There are only some indirect relations to Anthony's router:

-- I was impressed by his pictures
-- I use GTS library for delaunay triangulation as he did

Thats all -- I looked some hours at his code, but I was only able to
understand very small portions. The main problem for me was, that I was
not able to see relations between his code and the papers. He made much
use of functions of the GTS library, while I use that library only for
the initial delaunay triangulation. Indeed, it was my impression that he
followed not very close the papers and the PhD thesis of Tal Dayan. I
think that Anthony is a very smart person and he has coded much of his
own ideas. One problem is that low level C language makes it really very
difficult to develop and debug such type of router.

Currently I am investigating switching from GTS library to CGAL. GTS is
plain C, so it was easy for me to code a Ruby interface for the Delaunay
part. But GTS mailing list is inactive since May 2012 -- my subscription
failed, and the original authors is not really interested.

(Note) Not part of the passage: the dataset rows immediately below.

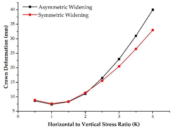 The value of the horizontal to vertical stress ratio (K) has a considerable effect on the tunnel deformation, in which the effect on the asymmetric widening is greater than that of its counterpart. Therefore, the slope is comparatively steep for asymmetric widening, hence revealing that the tunnel can widen symmetrically more comfortably with high K values.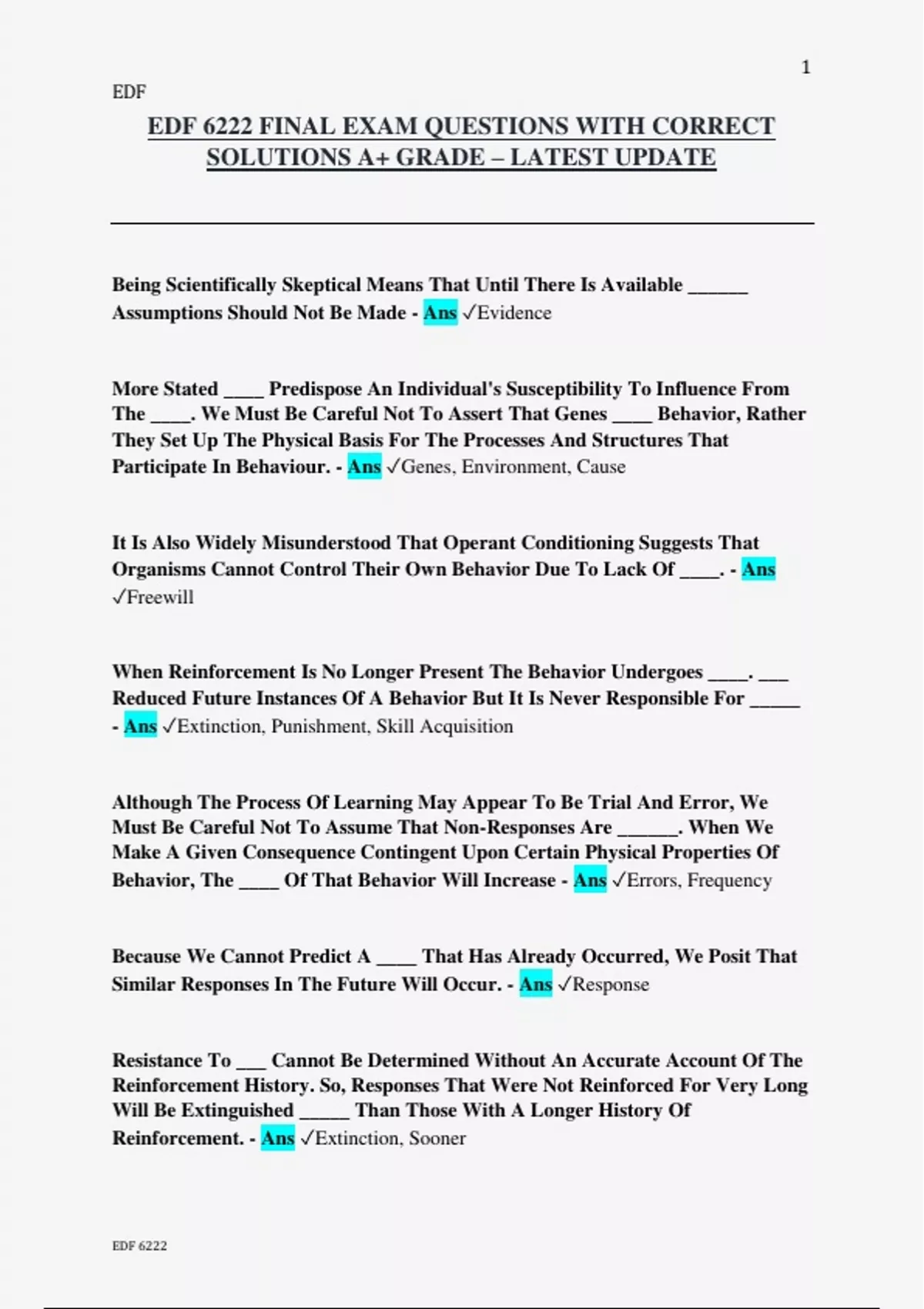 EDF 6222 FINAL EXAM QUESTIONS WITH CORRECT SOLUTIONS A+ GRADE – LATEST UPDATE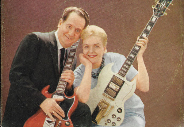 Les Paul and Mary Ford posing with Cherry “Standard” and Polar White “Custom” SG Les Paul models, 1961.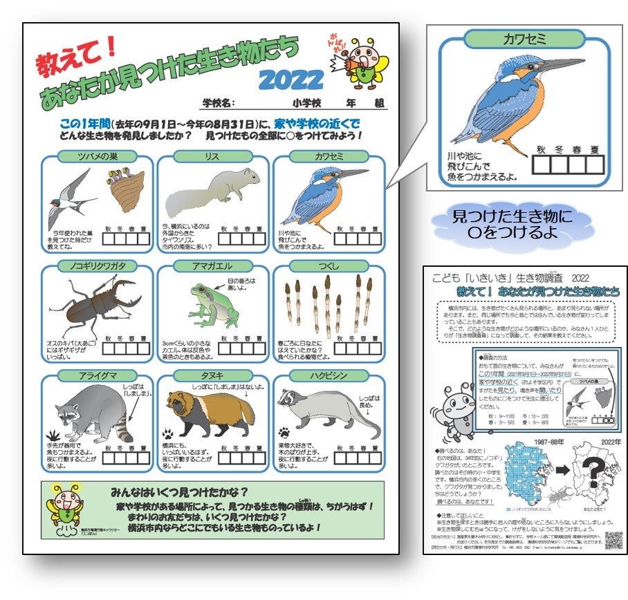 令和4年の夏休み前に横浜市立小学校340校の5年生29,003人(令和4年5月1日現在)に調査票を配布し、過去1年間に「家や学校の近く」で見つけたり、鳴き声を聞いたりした生き物に対して○をつけてもらいました。

GTS is ok for
me, I do only need the initial constrained delaunay triangulation,
exactly the neighbor vertices for each vertex. But I think I will have a
look at CGAL in the next weeks, its a large C++ library. Bindings to
other languages are not really well supported, there is some basic
support for Java and Python. I read that CGAL makes use of templates,
which makes it difficult to build bindings which support all the
functionality. I don't know enough about C++ to build direct bindings
(Java and Python uses SWIG for the bindings), but with some plain C glue
code it should be possible.

I hope there is nothing wrong with the CGAL license, seems to be dual
GPL and commercial. That should be OK, but there is a strange fork
project site available: https://gforge.inria.fr/projects/cgal/
Maybe it is only a mirror with GPL license, I have to investigate that.